NEW! HELLO: Open Source


HELLO is a new DNA variant calling tool, where we use novel DNN (Deep Neural Network) architectures and customized variant inference functions that account for the underlying nature of sequencing data. Our method allows vastly smaller DNNs to outperform the Inception-v3 architecture used in DeepVariant for indel and substitution-type variant calls.
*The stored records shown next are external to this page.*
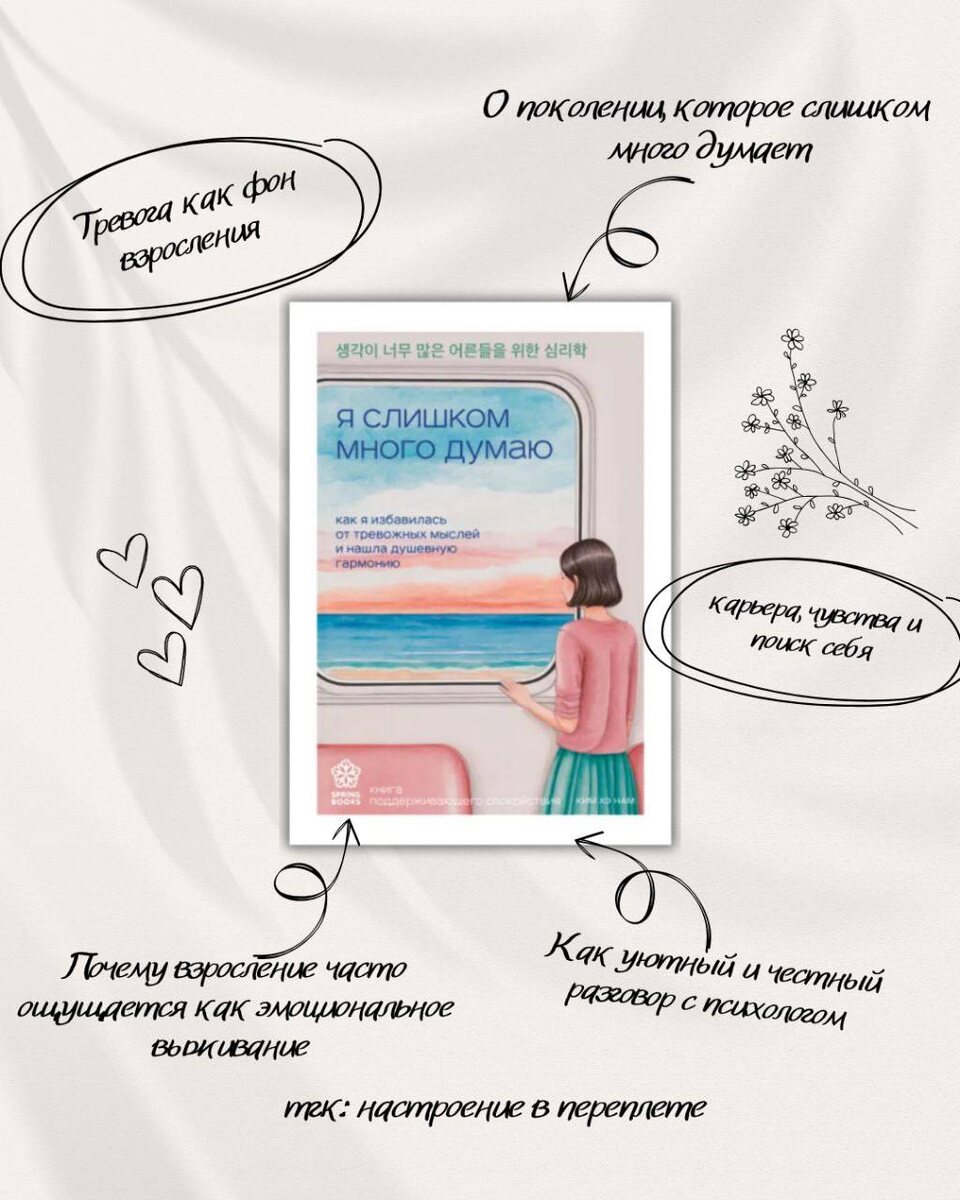 ⭐️ Если вам сейчас особенно нужны не советы, не чёткие шаги к «новой жизни» и не очередная мотивация, а спокойные книги, которые будто бережно ведут за руку, – сохраняйте эту подборку. Здесь книги корейских авторов о тревоге, внутренней опоре, праве быть неидеальными, умении говорить «нет» и поиске своего пути. Они не читаются как лекции и не обещают мгновенного исцеления. Это скорее вдумчивый разговор – мягкий, честный и очень человеческий. 💗Я слишком много думаю | Ким Хе Нам Книга о тревоге как фоне взрослой жизни. О поколении, которое слишком много думает, слишком много держит в себе и слишком часто проживает взросление как эмоциональное выживание. Очень уютный и честный текст, который ощущается почти как разговор с психологом. 💗Тебе пора ошибаться | Ким Ын Джу Поддерживающая книга для тех, кто боится начать, сомневается в себе и слишком долго ждёт подходящего момента. Здесь много важных мыслей о страхе ошибки, внутренней силе, движении вперёд и о том, что именно промахи порой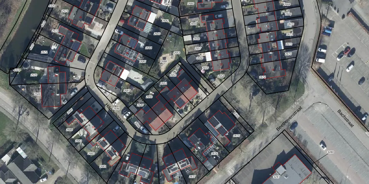 Händelstraat 24 is gelegen op kadastraal perceel TIE00H2652. Deze kadastrale aanduiding is uniek en wordt gebruikt door het Kadaster om eigendomsrechten en andere zakelijke rechten vast te leggen. Het perceel maakt onderdeel uit van de kadastrale gemeente Tiel.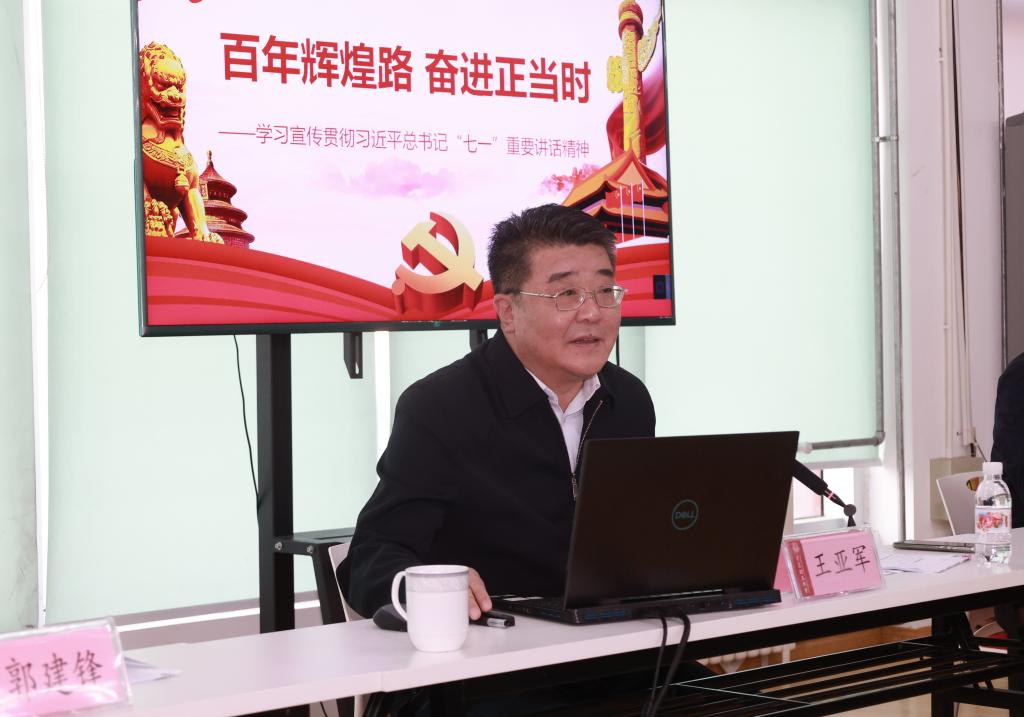 王亚军围绕习近平总书记“七一”重要讲话精神的政治意义、理论意义和实践意义,讲述了国家从百年前的风雨飘摇到如今繁荣富强的伟大历程,阐述了伟大的建党精神和党领导人民取得的伟大成就,对重要讲话中提出的一系列新思想、新观点、新要求进行了解读。并勉励青年学子响应号召,不忘初心、牢记使命,“以实现中华民族伟大复兴为己任,增强做中国人的志气、骨气、底气,不负时代,不负韶华,不负党和人民的殷切期望”。

Our improved accuracy and problem-specific customization of DNN models could enable more accurate pipelines and further method development in the field. Available since 2021.

Download HELLO

  1. Anand Ramachandran, Steven Lumetta, Eric Klee, and Deming Chen, “HELLO: Improved Neural Network Architectures and Methodologies for Small Variant Calling”, BMC Bioinformatics, 2021.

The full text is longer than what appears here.